Fear pushes the tempo up (8–12 BPM, which is fast for this system) and adds density. Two to four voices, close together, clustered. The Swarm engine generates a thick, buzzing mass. The Noise engine adds grit. Fear should feel claustrophobic – the sonic space contracts.

Forbidden: the Lydian #4 is the opposite of everything Fear does. And slow tempo would make it ominous rather than fearful – dread, not fear.

Surprise – Whole tone

The whole-tone scale has six notes, all a whole step apart. No half-steps means no leading tones, no pull toward resolution. Every note is equidistant from every other. The scale floats. It goes nowhere. Debussy used it to suspend time, and that is what Surprise does – it is the moment before you understand what happened.

Sparse voicing: one to three voices. The Two Op FM engine produces bell-like, inharmonic tones that reinforce the “what was that?” quality. The tritone is everywhere in this scale (between any two notes separated by three steps), and the tritone is the most ambiguous interval in Western music. It resolves in two directions equally.

Forbidden: resolution. The whole point is suspension. A stable root would defeat it.

Sadness – Aeolian (natural minor)

The natural minor. The minor third is the interval of sadness in virtually every experimental study on music and emotion. The minor sixth adds weight – a downward pull. Extensions stay minor: the minor seventh and minor ninth keep the palette consistent.

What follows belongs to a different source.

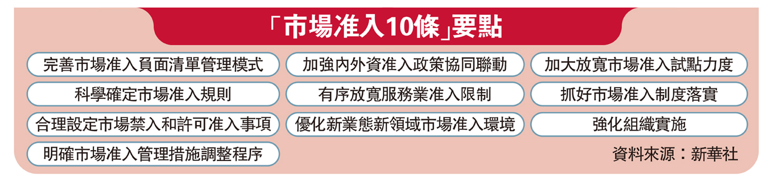 【大公報訊】記者海巖北京報道:中共二十屆三中全會明確要求,完善市場准入制度,優化新業態新領域市場准入環境。中共中央辦公廳、國務院辦公廳21日發布《關於完善市場准入制度的意見》,這是中央層面首次專門就市場准入制度建設出台政策文件,被稱為「市場准入10條」。意見提出,有序放寬服務業准入限制,聚焦生命健康、新型能源、人工智能等10個新業態新領域優化市場准入環境,積極擴大數字產品市場准入,積極參與國際市場准入規則和標準制定等。

One to two voices. Slow (4–6 BPM). Long decay times on the envelope – notes linger, fade slowly, overlap with their own reverb tails. The Modal engine (physical modeling of a vibrating surface) gives a resonant, hollow quality. Karplus-Strong plucked strings work too – a single plucked note ringing out into silence.

Forbidden: high density would crowd out the space that sadness needs. Bright filters would lift the timbre. Sadness is low-passed. The upper harmonics are gone.

Disgust – Japanese In scale

The In scale (also called the Miyako-bushi scale: semitone, fourth, semitone, fourth, minor third) is asymmetric and disorienting to Western ears. The b2 creates the same half-step tension as Phrygian, but the missing minor third removes the familiar Western minor context. It sounds wrong without being chaotic – unsettled, off-balance, the musical equivalent of something that doesn’t sit right.

The Vowel engine or Resonator produces filtered, nasal timbres. Formant filtering emphasizes certain frequency bands and suppresses others, creating a sound that seems to be squeezed through a narrow space. Two to three voices, mid-tempo.

Forbidden: open harmonics and brightness. Disgust is filtered, constrained, partially obscured.

Anger – Harmonic minor

The harmonic minor’s defining feature is the augmented second between the b6 and the major seventh. That interval is jagged. Combined with the minor sixth’s weight and the major seventh’s sharp upward pull, the scale creates tension that does not resolve – it ratchets tighter. The b9 extension and diminished intervals add more edge.

Three to four voices, fast tempo. The Inharmonic String engine produces metallic, clashing timbres where the overtone series doesn’t follow the neat harmonic pattern. It sounds like something under stress.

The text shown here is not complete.